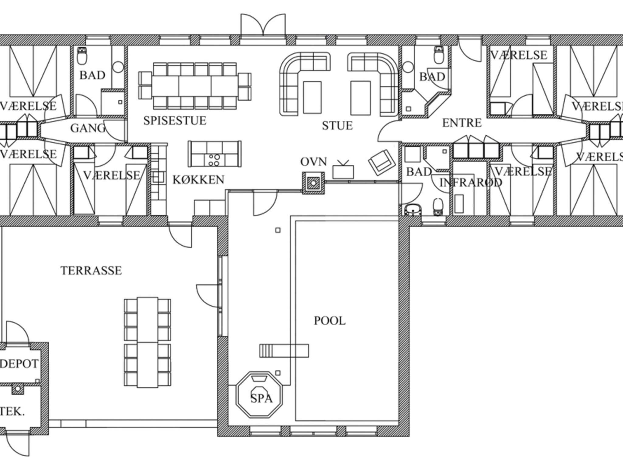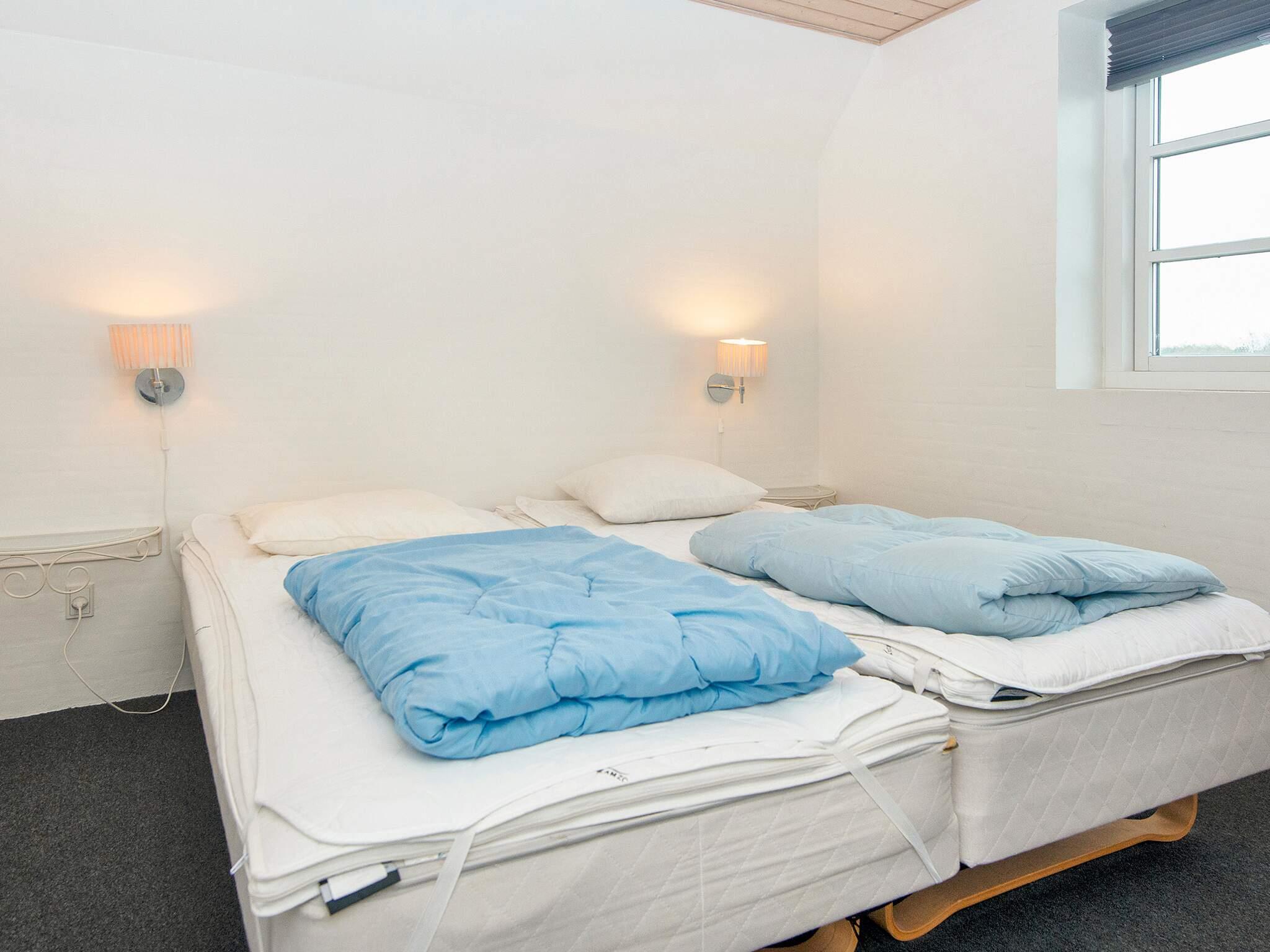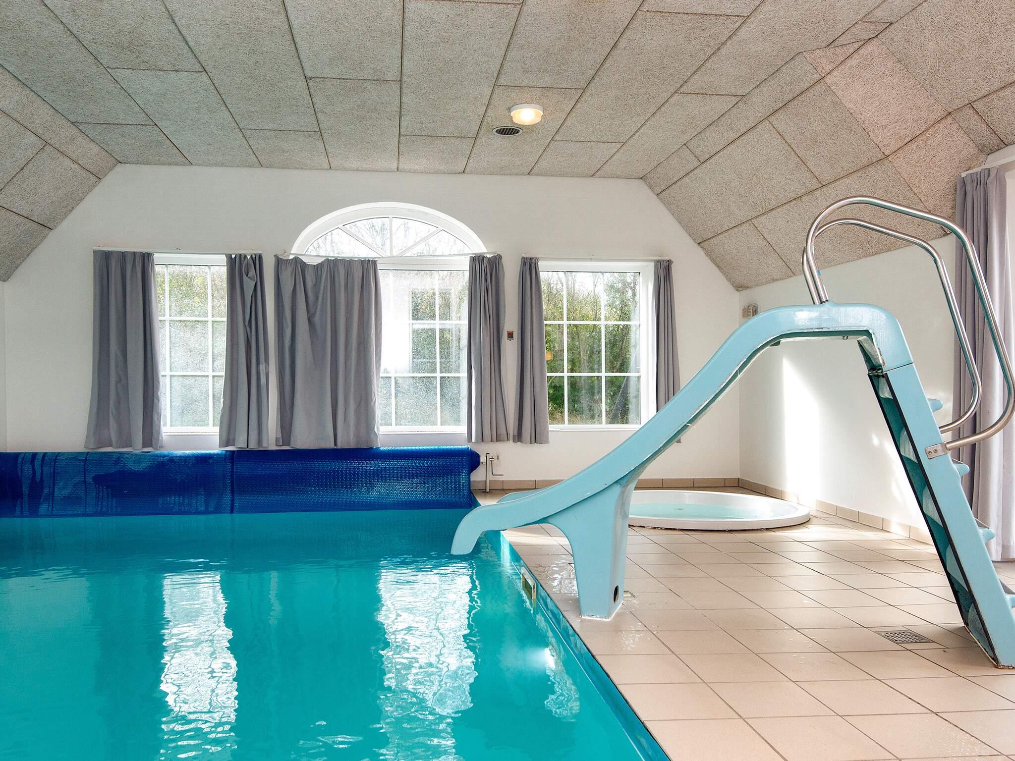 Dette 250 m² store stråtækte murstenshus ligger på 3500 m² naturgrund, hvor der er hoppepude, gynger og sandkasse til børnene. Huset er bygget i 2009 og ligger ca. 2 km fra det dejlige Vesterhav. I det herlige poolrum kan hele familien more sig i den store pool, på vandrutschebanen eller i det nedsænkede spa-bad. I forbindelse med poolrummet er der et badeværelse, hvorfra der er adgang til den infrarøde kabine. På den lukkede terrasse med direkte udgang fra køkkenet, er der stor mulighed for at nyde solen i havemøblerne og aftensmaden fra grillen. Der er ligeledes en lækker afskærmet terrasse foran huset, så solen kan nydes hele dagen. I luksushuset er der 3 badeværelser med toilet, håndvask, bruseniche og gulvvarme. Den knitrende brændeovn og oliefyret opvarmer huset. I luksushuset er der 18 sovepladser: 4 værelser med dobbeltsenge, 2 værelser med hver 4 køjepladser, 1 værelse med 2 enkeltsenge. 2 husdyr er tilladt RYGNING ER IKKE TILLADT.
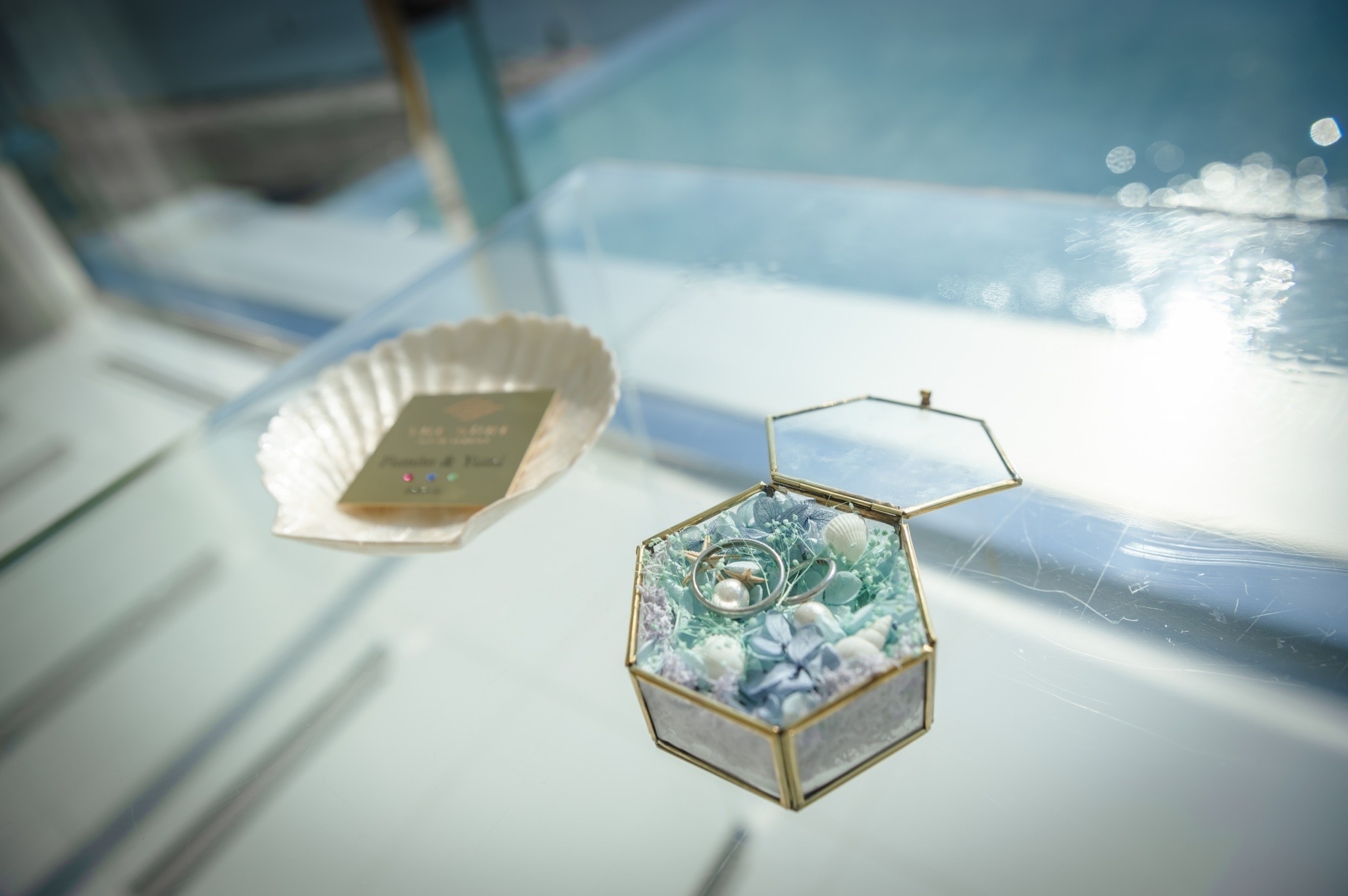 海の挙式会場とマッチしてとてもおしゃれですね!
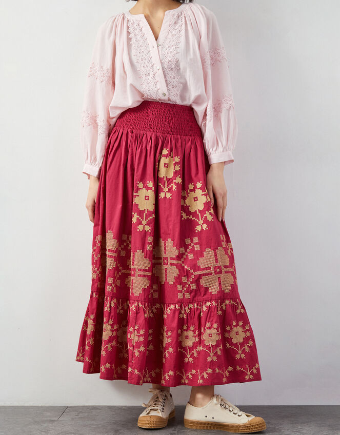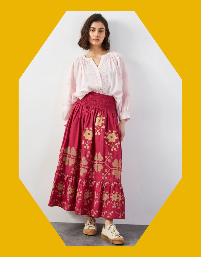 The product: Easy, breezy. Popping with poplin, this skirt is imbued with cross-stitch embroidery through the maxi-length skirt with a shirred waist and tiered hem. Summer never looked so good.
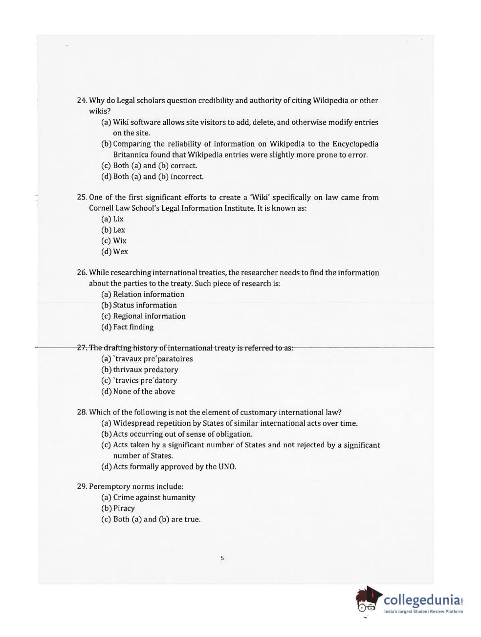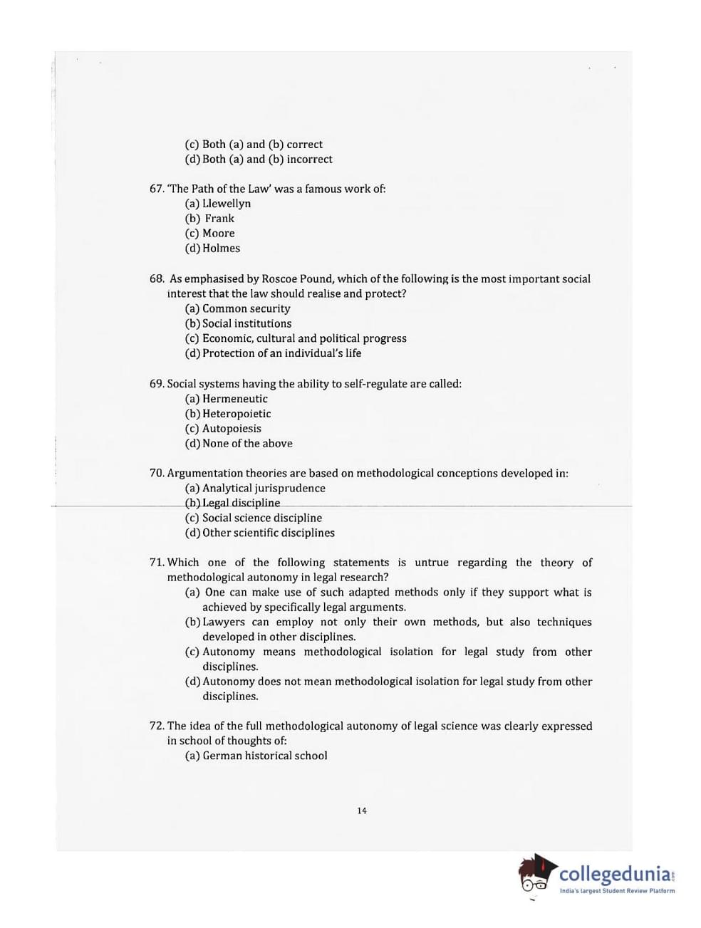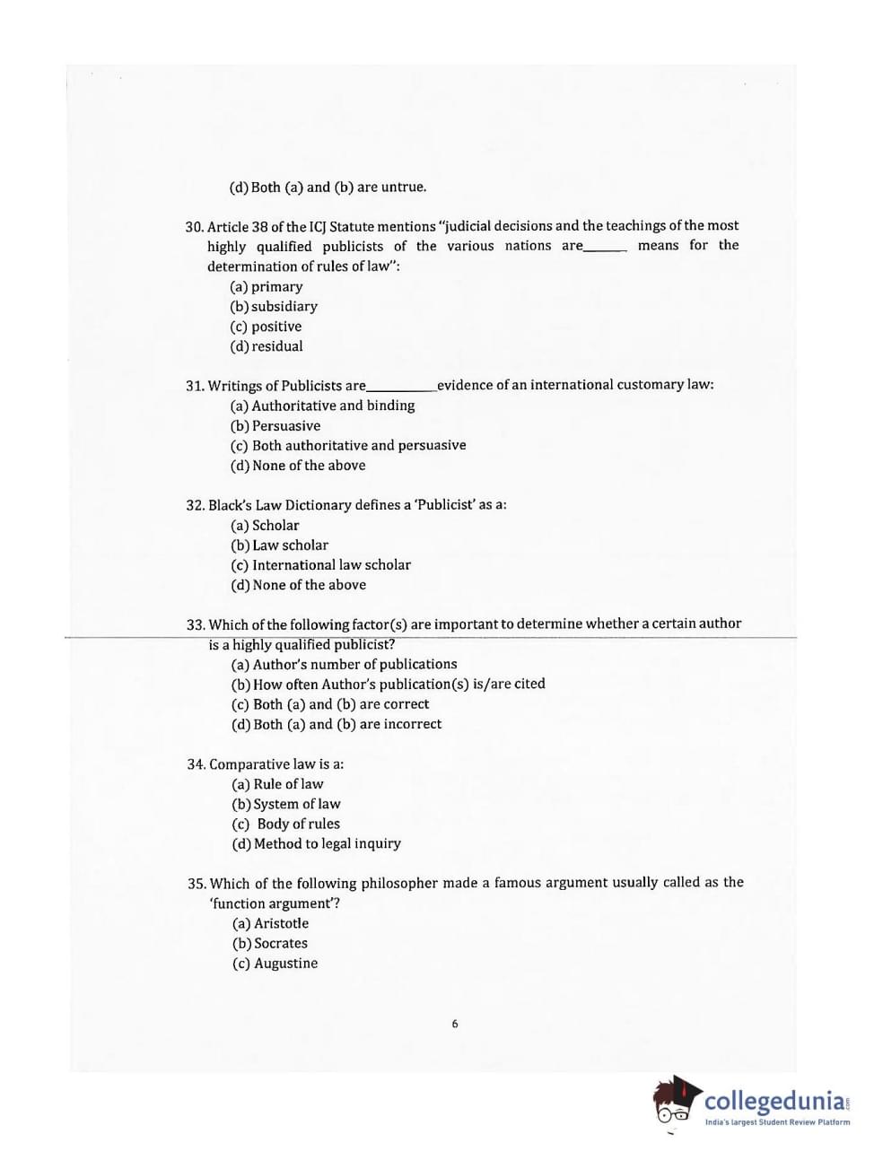 AILET 2019 PhD Question Paper with Answer Key PDFs Afternoon Session

> [Directions]
Could you repeat word for word only the lines from the one that contains "The product: Easy, breezy." through the end of the listing, leaving out the pictures?

> [Result of the task]
 The product: Easy, breezy. Popping with poplin, this skirt is imbued with cross-stitch embroidery through the maxi-length skirt with a shirred waist and tiered hem. Summer never looked so good.
 AILET 2019 PhD Question Paper with Answer Key PDFs Afternoon Session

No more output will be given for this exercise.